TO DO: Leave the pictures behind and reproduce every line of the listing exactly.
======
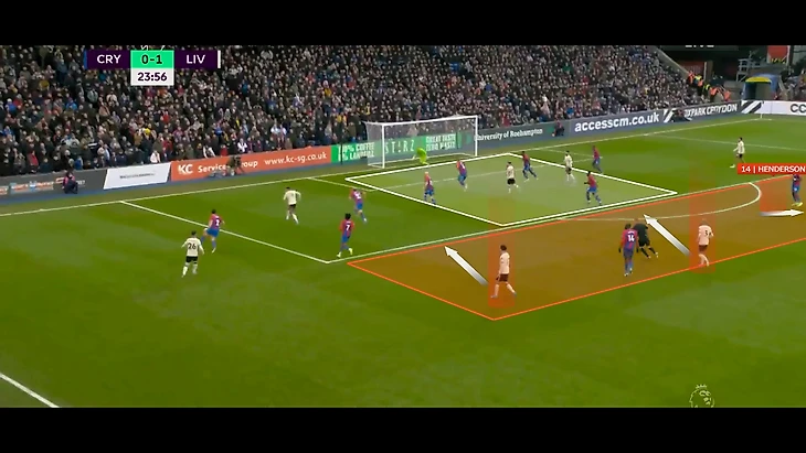 В зоне завершения у «Ливерпуля» минимум 3 игрока, в зоне подбора (выделена красным) важно играть как можно ближе с игроками, чтобы опередить соперника и вступить в отбор. Сбалансированное расположение позволяет быть первыми на подборе, вступать в отбор или фолить в крайнем случае. Такие действия также позволяют игрокам создавать постоянное давление у ворот соперника.
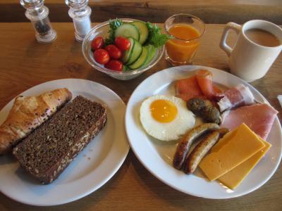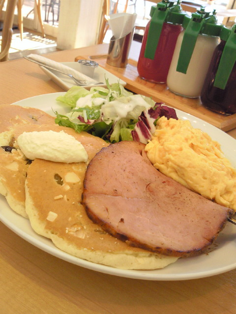 ドライフルーツとナッツが入ったパンケーキにサワークリームが食べやすいです。スクランブルエッグもボリュームがあって、おなかいっぱいになります。
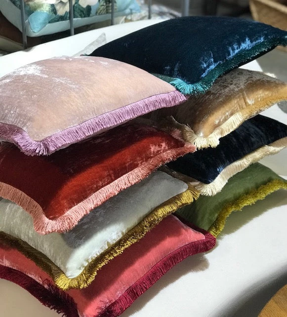 A radiant silk velvet pillow that is hand-dyed in a deep indigo blue hue with a golden fringed trim.
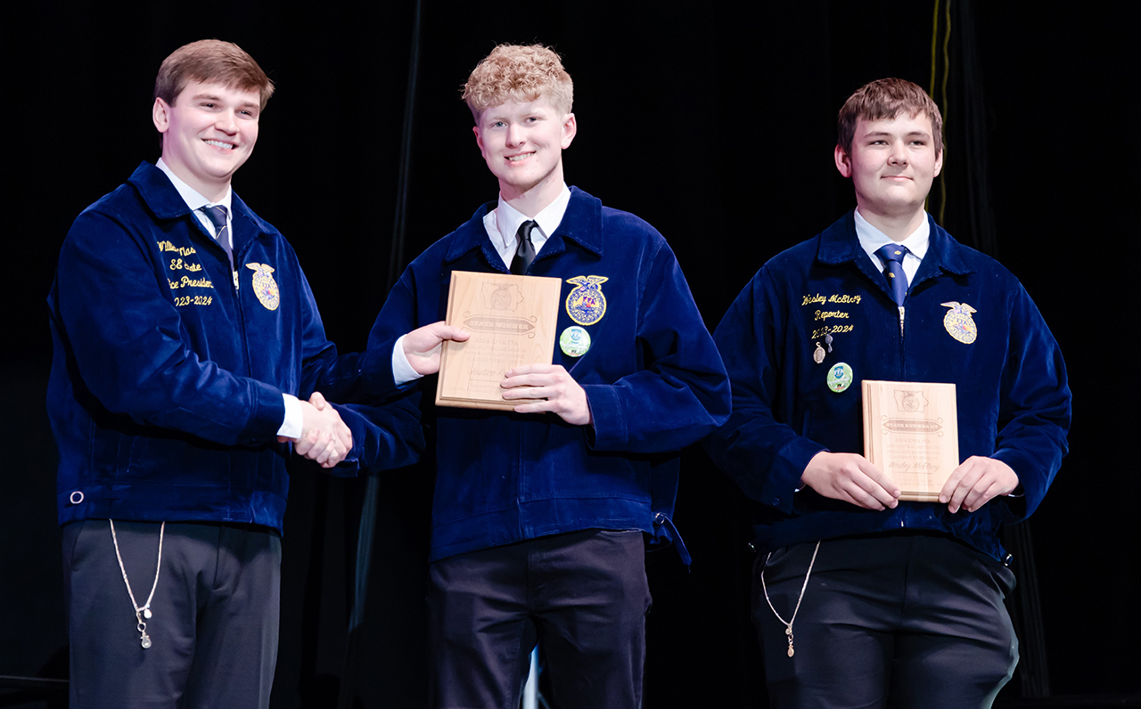 Justice Frerk of the South O’Brien FFA Chapter was the first-place winner in Ag Mechanics Repair and Maintenance placement, sponsored through the Iowa FFA Foundation Gold Standard Partners. Justice has put in over 1,100 hours as a diesel technician for John Deere Agrivision in Paullina. He began his SAE in the wash bay and has since worked his way up to performing maintenance on nearly every piece of equipment that comes into the shop. Upon graduation, Frerk will attend the John Deere Diesel Technician program at Dordt University.
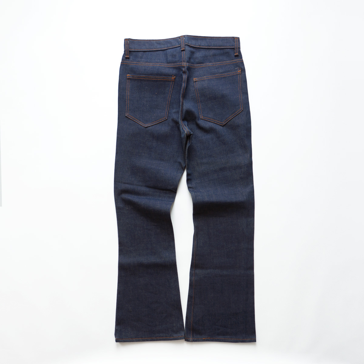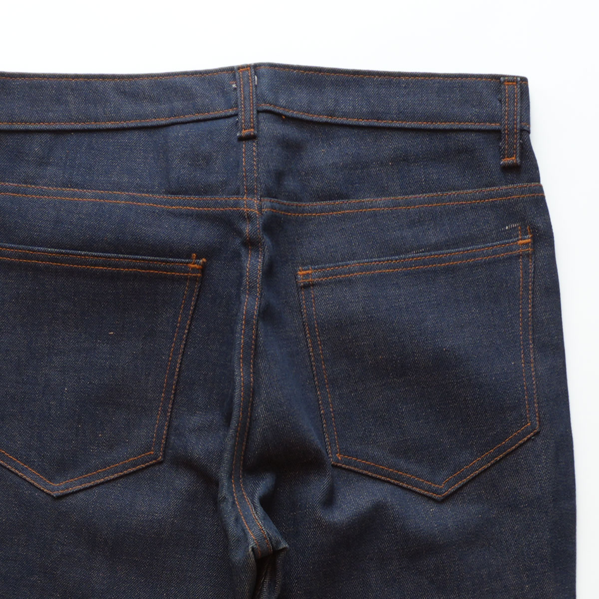 素材はおそらくコットンとポリエステルの混紡のデニム地で、未洗いのものなのでまだ少し硬さの残る生地感の物です。
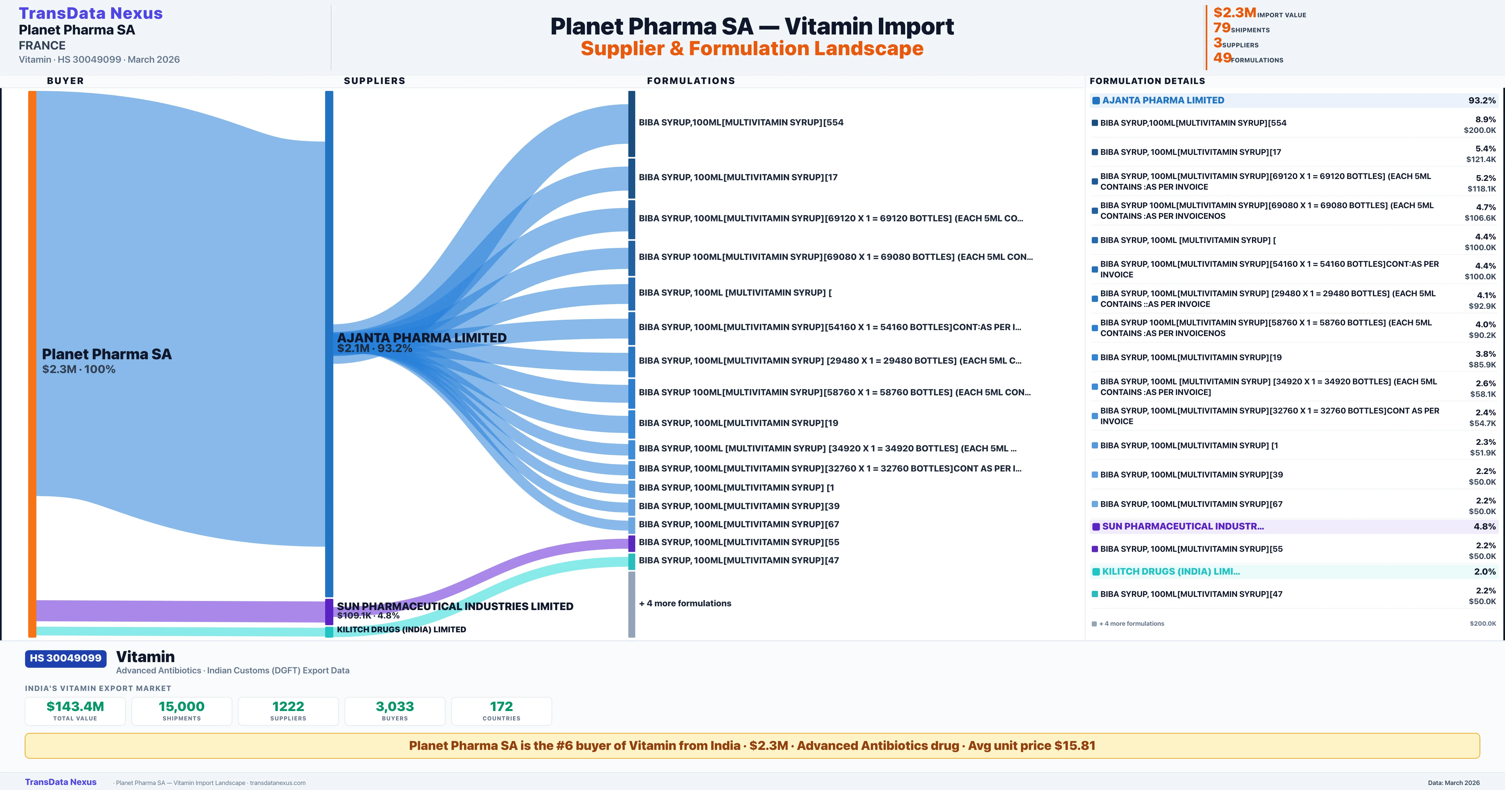 PLANET PHARMA SA sources Vitamin from 3 verified Indian suppliers: AJANTA PHARMA LIMITED ($2.1M, 93.2%), SUN PHARMACEUTICAL INDUSTRIES LIMITED ($109.1K, 4.8%), KILITCH DRUGS (INDIA) LIMITED ($45.4K, 2.0%). This is based on 79 customs records.
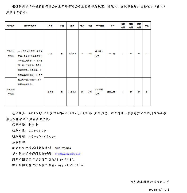 四川華豐科技股份有限公司關(guān)于招聘產(chǎn)品設(shè)計(jì)工程師崗位測試成績的公示
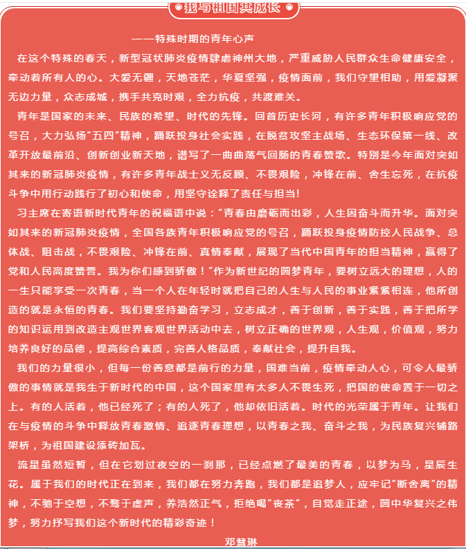 此次青年节活动,为同学们提供了表达青年心声的平台。在同学们的投稿作品中,我们看到新一代的青年正如骄阳冉冉生,光照人间、熠熠生辉。
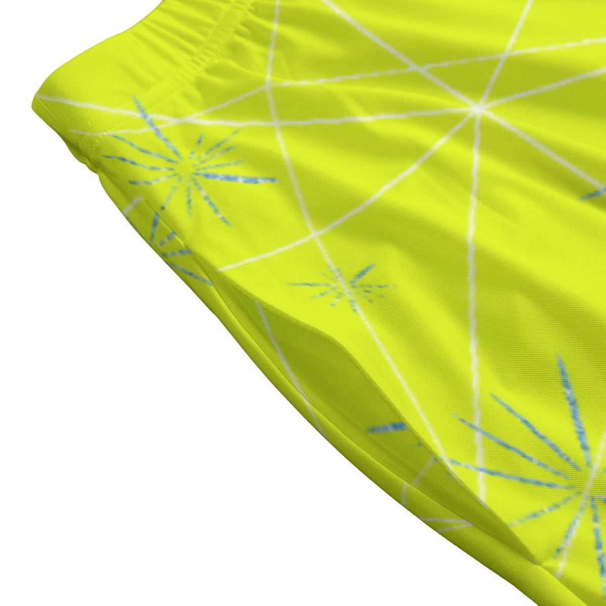 Bring a burst of happiness to your day with this bright design inspired by a certain joyful friend. Featuring sparkling blue flowers dancing on a sunny yellow background with playful white geometric lines, it’s perfect for adding a pop of positivity and a smile to any outfit.
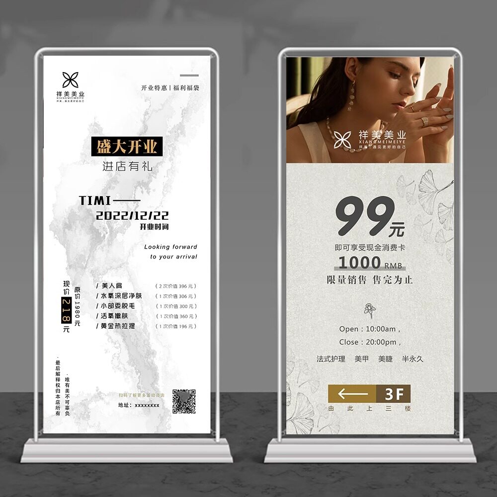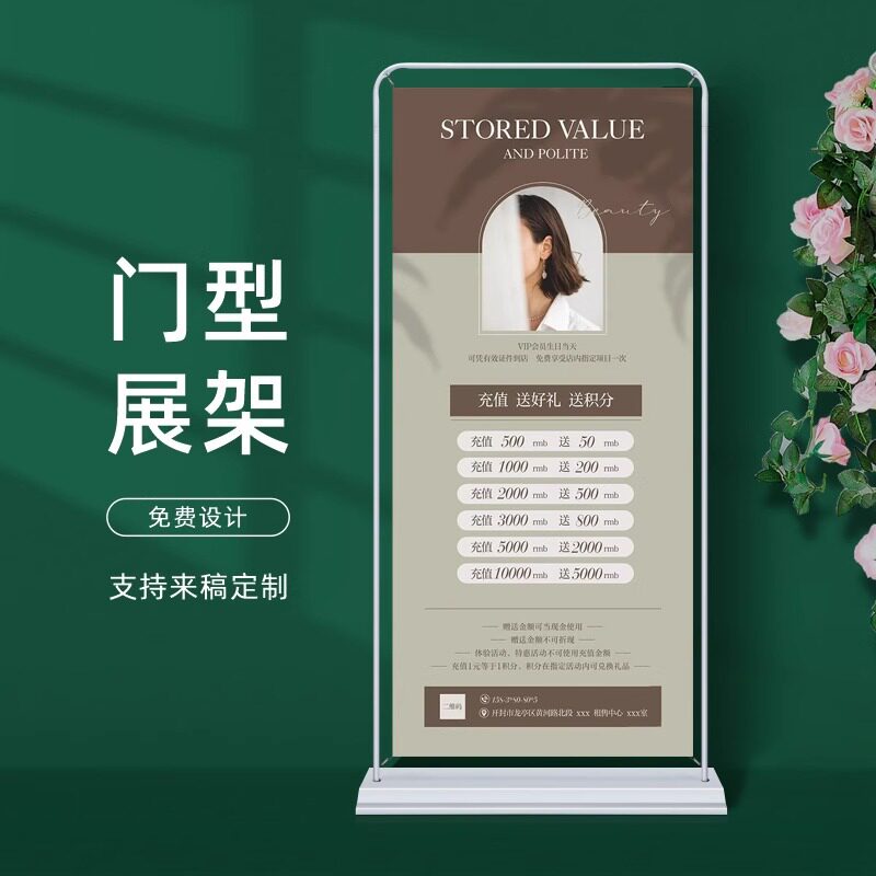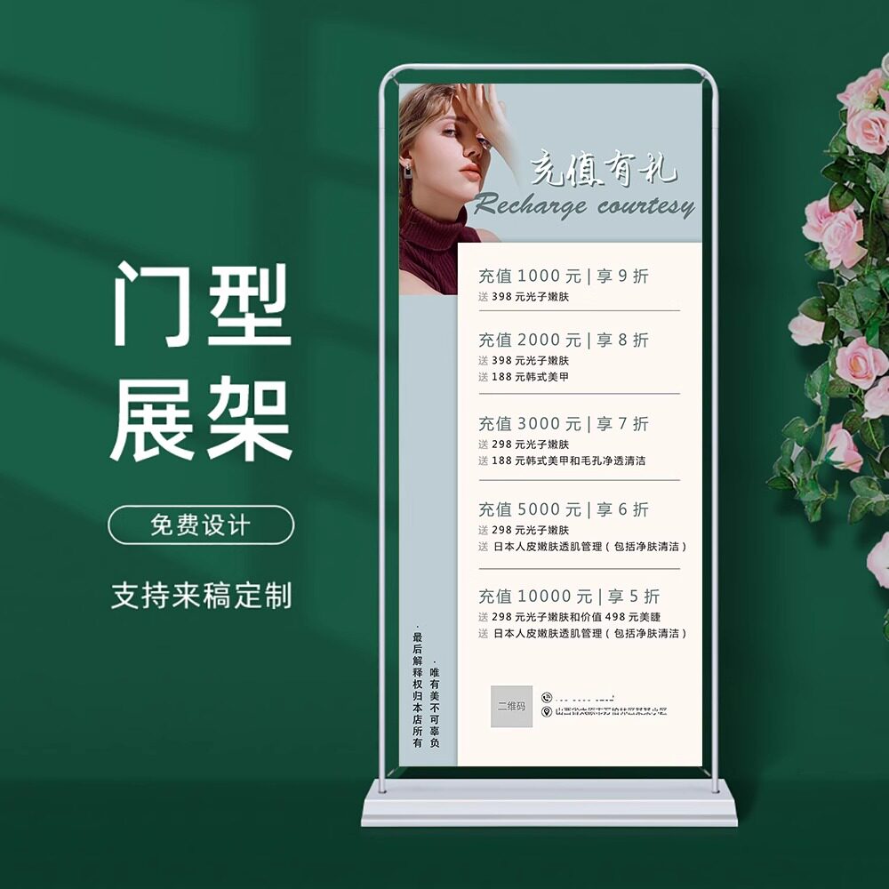 美容美甲美睫纹绣眉眼唇充值开业会员展架周年庆海报贴门型易拉宝
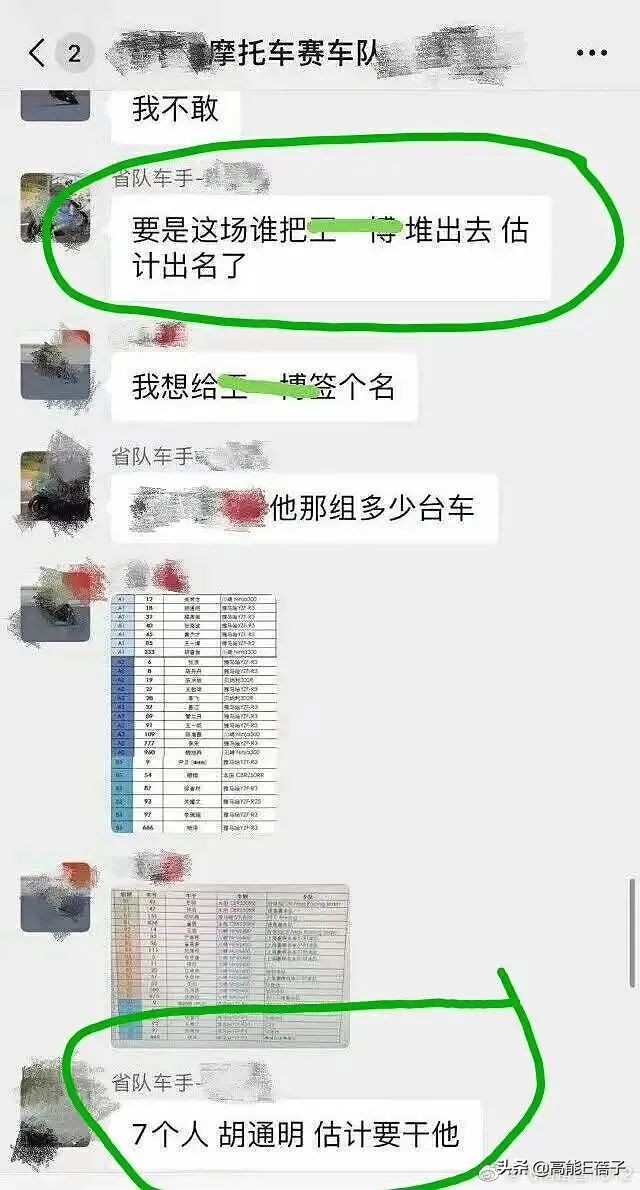 更重的一击是,有人爆出了王一博摔车前后HFK车队内部群聊,比赛前就有成员建议“铲他(王一博)”,并商量谁最适合把王一博怼出赛道,摔车后群里更视胡通明为英雄,颇有弹冠相庆的意味。
======
EXPECTED ANSWER:
 В зоне завершения у «Ливерпуля» минимум 3 игрока, в зоне подбора (выделена красным) важно играть как можно ближе с игроками, чтобы опередить соперника и вступить в отбор. Сбалансированное расположение позволяет быть первыми на подборе, вступать в отбор или фолить в крайнем случае. Такие действия также позволяют игрокам создавать постоянное давление у ворот соперника.
 ドライフルーツとナッツが入ったパンケーキにサワークリームが食べやすいです。スクランブルエッグもボリュームがあって、おなかいっぱいになります。
 A radiant silk velvet pillow that is hand-dyed in a deep indigo blue hue with a golden fringed trim.
 Justice Frerk of the South O’Brien FFA Chapter was the first-place winner in Ag Mechanics Repair and Maintenance placement, sponsored through the Iowa FFA Foundation Gold Standard Partners. Justice has put in over 1,100 hours as a diesel technician for John Deere Agrivision in Paullina. He began his SAE in the wash bay and has since worked his way up to performing maintenance on nearly every piece of equipment that comes into the shop. Upon graduation, Frerk will attend the John Deere Diesel Technician program at Dordt University.
 素材はおそらくコットンとポリエステルの混紡のデニム地で、未洗いのものなのでまだ少し硬さの残る生地感の物です。
 PLANET PHARMA SA sources Vitamin from 3 verified Indian suppliers: AJANTA PHARMA LIMITED ($2.1M, 93.2%), SUN PHARMACEUTICAL INDUSTRIES LIMITED ($109.1K, 4.8%), KILITCH DRUGS (INDIA) LIMITED ($45.4K, 2.0%). This is based on 79 customs records.
 四川華豐科技股份有限公司關(guān)于招聘產(chǎn)品設(shè)計(jì)工程師崗位測試成績的公示
 此次青年节活动,为同学们提供了表达青年心声的平台。在同学们的投稿作品中,我们看到新一代的青年正如骄阳冉冉生,光照人间、熠熠生辉。
 Bring a burst of happiness to your day with this bright design inspired by a certain joyful friend. Featuring sparkling blue flowers dancing on a sunny yellow background with playful white geometric lines, it’s perfect for adding a pop of positivity and a smile to any outfit.
 美容美甲美睫纹绣眉眼唇充值开业会员展架周年庆海报贴门型易拉宝
 更重的一击是,有人爆出了王一博摔车前后HFK车队内部群聊,比赛前就有成员建议“铲他(王一博)”,并商量谁最适合把王一博怼出赛道,摔车后群里更视胡通明为英雄,颇有弹冠相庆的意味。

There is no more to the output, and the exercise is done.